(Excerpts from a dataset)
━━━━━━━━━━━━━━━━━━━━

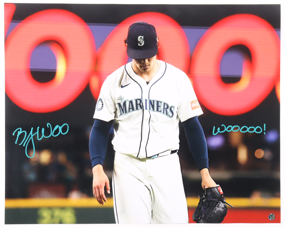 Photo measures 16" x 20" in size and has been hand-signed and inscribed by Bryan Woo (Seattle Mariners).
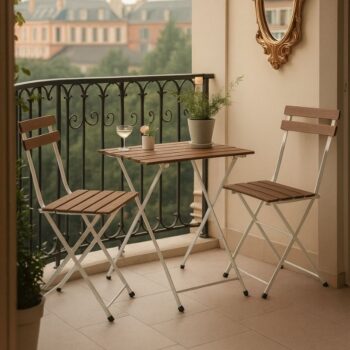 Designed for gardens, patios, balconies, and terraces, this elegant set includes a foldable table and two matching chairs, perfect for relaxing, dining, or enjoying drinks outdoors.
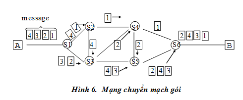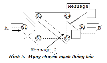 - Mỗi nút cần phải lưu trữ tạm thời để “đọc” để đọc thông tin điều khiển trên thông báo để sau đó chuyển tiếp thông báo đi. Tuỳ thuộc vào điều kiện của mạng, các thông báo khác nhau có thể truyền theo đường truyền khác nhau.
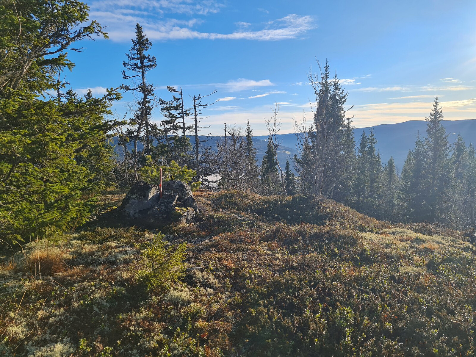 Tur på Prestkjerringa i dag. Kjørte til Nysetra, hvor det var et par biler med elgjegere. Gikkvanlig rute til Prestkjerringa. Herfra over Rævskorohaugen og Flugstadfjellet, og direkte opp på Hindalsfjellet. Nede på Nysetragikk jeg bortom Steinehytta som har fått et flott tilbygg. Kjørte deretter til Hærfjellet parkeringslomme og gikk oppom Hærfjellet. Turlengden er ibergnet 2.5 km bilkjøring, så gåturen blir 13.7 km. Nede ved bilen greide jeg å avbryte peakbookappen, i stedet for å avslutte den. Flott turvær, men en kald nordavind.Så to andre vandrere i dag.
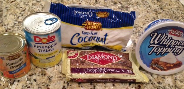 - 2 cans Mandarian Oranges, 11 oz, drained
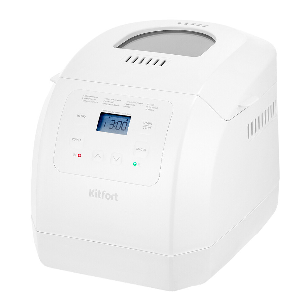 Хлебопечь КТ-312 позволяет готовить различные виды хлеба, джем и кексы, а также тесто. Корпус прибора сделан из пластика.
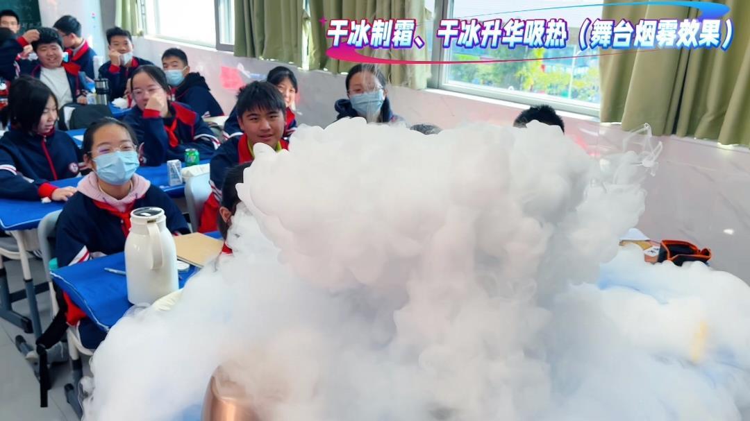 “快看,仙气飘起来啦!”“教室变仙境了……”武汉市第四初级中学八年级的物理课堂上,伴随着同学们的惊叹声,干冰升华后快速吸热产生的白雾缭绕蔓延,原本抽象的物态变化知识,在趣味实验中变得直观可感。这是该校物理教师徐建峰独特的教学日常,他用矿泉水瓶、易拉罐、干冰等常见材料,将枯燥的物理知识转化为生动有趣的实验游戏,开学两个多月来,徐老师几乎每节课都会带来丰富有趣的实验,让学生在动手实践中爱上科学。
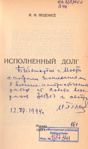 Книги о Великой Отечественной войне хранят память о героических подвигах и мужестве советского народа, напоминают нам, какой ценой досталась Победа. В рамках патриотического проекта Мостовской районной библиотеки и районной газеты «Зара над Нёманам» «Победный май в памяти и книгах», мы предлагаем вам, уважаемые читатели, перелистать страницы книги «Исполненный долг», автором которой является Подобед Иван Михайлович, ветеран Великой Отечественной войны, полковник в отставке, журналист, кандидат исторических наук, почётный гражданин города Мосты. Это издание занимает особое место в книжном строю. На титульной странице книги «Исполненный долг» Иван Михайлович Подобед оставил дарственную надпись: «Библиотеке г. Мосты с добрыми пожеланиями в военно-исторической работе от совета ветеранов 348 с.д. и автора [подпись] 12.07.1994 г.». В основе повествования – личные воспоминания и архивные материалы автора, рассказывающие о стойкости и мужестве воинов 348-й стрелковой Бобруйской Краснознамённой ордена Кутузова дивизии, освобождавшей Мостовский район от немецко-фашистских захватчиков. С 348-й стрелковой дивизией Подобед И.М. прошел весь её боевой путь от Подмосковья до Берлина и Эльбы, начав его рядовым солдатом, а закончив – офицером, помощником начальника политотдела дивизии по комсомолу.
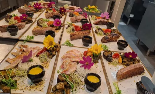 Envie de retrouver notre cuisine locale et savoureuse chez vous ou dans un autre lieu de réception ? Notre service traiteur vous propose des menus sur mesure, préparés avec passion à partir de produits de saison issus de notre terroir. Pour un événement gourmand où que vous soyez.
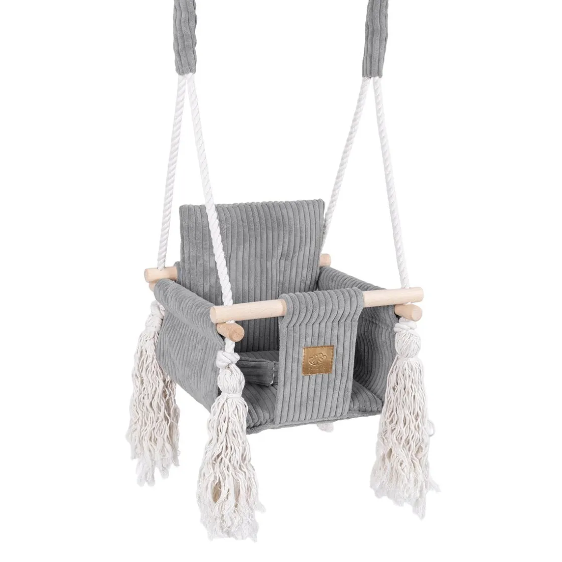 El Indoor Baby Swing – Square Swing Grey combina seguridad, comodidad y estilo contemporáneo. Fabricado en poliéster 100 %, ofrece un asiento acolchado cuadrado con estructura firme, ideal para bebés de hasta 12 kg.
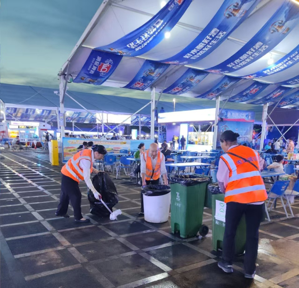 垃圾清運(yùn):13天累計(jì)清理垃圾約2600袋(日均200袋),餐飲垃圾定點(diǎn)清運(yùn),煙花秀廢棄物散場1小時(shí)內(nèi)清理,無堆積滯留。
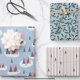 Les lignes épurées et les couleurs contemporaines des lignes épurées sont nostalgiques et colorées. Les décors comprennent des arbres modernes sur des monticules de neige, un feuillage avec des arbres et une spring classique. Les couleurs sont le bleu, le rose, le vert et le blanc.

━━━━━━━━━━━━━━━━━━━━

Make a word-for-word copy of the entries, without any pictures.

 Photo measures 16" x 20" in size and has been hand-signed and inscribed by Bryan Woo (Seattle Mariners).
 Designed for gardens, patios, balconies, and terraces, this elegant set includes a foldable table and two matching chairs, perfect for relaxing, dining, or enjoying drinks outdoors.
 - Mỗi nút cần phải lưu trữ tạm thời để “đọc” để đọc thông tin điều khiển trên thông báo để sau đó chuyển tiếp thông báo đi. Tuỳ thuộc vào điều kiện của mạng, các thông báo khác nhau có thể truyền theo đường truyền khác nhau.
 Tur på Prestkjerringa i dag. Kjørte til Nysetra, hvor det var et par biler med elgjegere. Gikkvanlig rute til Prestkjerringa. Herfra over Rævskorohaugen og Flugstadfjellet, og direkte opp på Hindalsfjellet. Nede på Nysetragikk jeg bortom Steinehytta som har fått et flott tilbygg. Kjørte deretter til Hærfjellet parkeringslomme og gikk oppom Hærfjellet. Turlengden er ibergnet 2.5 km bilkjøring, så gåturen blir 13.7 km. Nede ved bilen greide jeg å avbryte peakbookappen, i stedet for å avslutte den. Flott turvær, men en kald nordavind.Så to andre vandrere i dag.
 - 2 cans Mandarian Oranges, 11 oz, drained
 Хлебопечь КТ-312 позволяет готовить различные виды хлеба, джем и кексы, а также тесто. Корпус прибора сделан из пластика.
 “快看,仙气飘起来啦!”“教室变仙境了……”武汉市第四初级中学八年级的物理课堂上,伴随着同学们的惊叹声,干冰升华后快速吸热产生的白雾缭绕蔓延,原本抽象的物态变化知识,在趣味实验中变得直观可感。这是该校物理教师徐建峰独特的教学日常,他用矿泉水瓶、易拉罐、干冰等常见材料,将枯燥的物理知识转化为生动有趣的实验游戏,开学两个多月来,徐老师几乎每节课都会带来丰富有趣的实验,让学生在动手实践中爱上科学。
 Книги о Великой Отечественной войне хранят память о героических подвигах и мужестве советского народа, напоминают нам, какой ценой досталась Победа. В рамках патриотического проекта Мостовской районной библиотеки и районной газеты «Зара над Нёманам» «Победный май в памяти и книгах», мы предлагаем вам, уважаемые читатели, перелистать страницы книги «Исполненный долг», автором которой является Подобед Иван Михайлович, ветеран Великой Отечественной войны, полковник в отставке, журналист, кандидат исторических наук, почётный гражданин города Мосты. Это издание занимает особое место в книжном строю. На титульной странице книги «Исполненный долг» Иван Михайлович Подобед оставил дарственную надпись: «Библиотеке г. Мосты с добрыми пожеланиями в военно-исторической работе от совета ветеранов 348 с.д. и автора [подпись] 12.07.1994 г.». В основе повествования – личные воспоминания и архивные материалы автора, рассказывающие о стойкости и мужестве воинов 348-й стрелковой Бобруйской Краснознамённой ордена Кутузова дивизии, освобождавшей Мостовский район от немецко-фашистских захватчиков. С 348-й стрелковой дивизией Подобед И.М. прошел весь её боевой путь от Подмосковья до Берлина и Эльбы, начав его рядовым солдатом, а закончив – офицером, помощником начальника политотдела дивизии по комсомолу.
 Envie de retrouver notre cuisine locale et savoureuse chez vous ou dans un autre lieu de réception ? Notre service traiteur vous propose des menus sur mesure, préparés avec passion à partir de produits de saison issus de notre terroir. Pour un événement gourmand où que vous soyez.
 El Indoor Baby Swing – Square Swing Grey combina seguridad, comodidad y estilo contemporáneo. Fabricado en poliéster 100 %, ofrece un asiento acolchado cuadrado con estructura firme, ideal para bebés de hasta 12 kg.
 垃圾清運(yùn):13天累計(jì)清理垃圾約2600袋(日均200袋),餐飲垃圾定點(diǎn)清運(yùn),煙花秀廢棄物散場1小時(shí)內(nèi)清理,無堆積滯留。
 Les lignes épurées et les couleurs contemporaines des lignes épurées sont nostalgiques et colorées. Les décors comprennent des arbres modernes sur des monticules de neige, un feuillage avec des arbres et une spring classique. Les couleurs sont le bleu, le rose, le vert et le blanc.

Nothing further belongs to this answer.